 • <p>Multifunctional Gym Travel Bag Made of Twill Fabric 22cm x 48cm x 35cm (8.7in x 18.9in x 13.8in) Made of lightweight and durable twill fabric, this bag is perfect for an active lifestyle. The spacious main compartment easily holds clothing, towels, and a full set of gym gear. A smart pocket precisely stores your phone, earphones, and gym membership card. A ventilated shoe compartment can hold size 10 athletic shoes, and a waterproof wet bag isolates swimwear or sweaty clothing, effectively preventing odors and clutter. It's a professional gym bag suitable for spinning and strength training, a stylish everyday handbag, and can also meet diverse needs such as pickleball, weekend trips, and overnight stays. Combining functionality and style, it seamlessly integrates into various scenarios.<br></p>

* * *

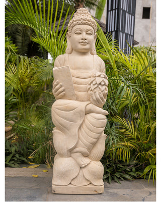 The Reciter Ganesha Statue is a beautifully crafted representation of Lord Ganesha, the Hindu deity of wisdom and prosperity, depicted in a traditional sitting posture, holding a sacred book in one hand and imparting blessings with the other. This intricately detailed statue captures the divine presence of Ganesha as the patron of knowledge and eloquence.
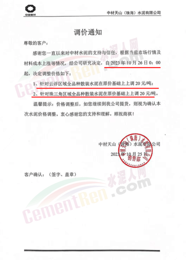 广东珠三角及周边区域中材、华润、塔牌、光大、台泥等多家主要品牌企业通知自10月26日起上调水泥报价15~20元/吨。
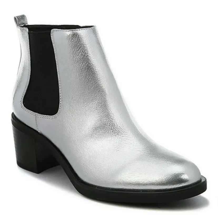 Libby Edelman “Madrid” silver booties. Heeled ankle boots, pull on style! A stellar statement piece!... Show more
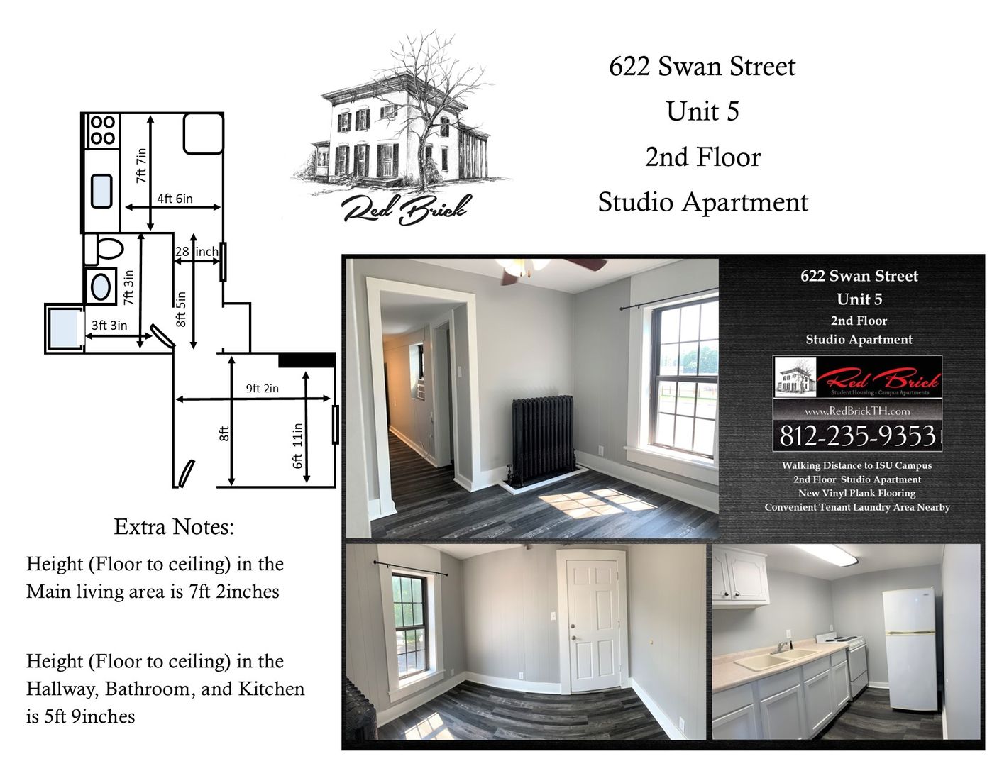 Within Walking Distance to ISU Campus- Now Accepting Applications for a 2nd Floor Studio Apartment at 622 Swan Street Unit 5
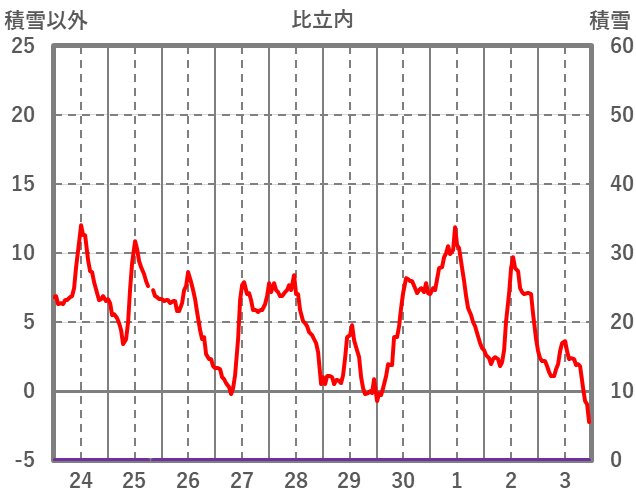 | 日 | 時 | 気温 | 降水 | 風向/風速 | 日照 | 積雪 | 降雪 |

## Exercise instructions
In the records above, find the line with "piece!... Show more" and the line with "Within Walking Distance". Write out exactly those lines and every one between, with no pictures and no other lines.

## Completed exercise
 Libby Edelman “Madrid” silver booties. Heeled ankle boots, pull on style! A stellar statement piece!... Show more
 Within Walking Distance to ISU Campus- Now Accepting Applications for a 2nd Floor Studio Apartment at 622 Swan Street Unit 5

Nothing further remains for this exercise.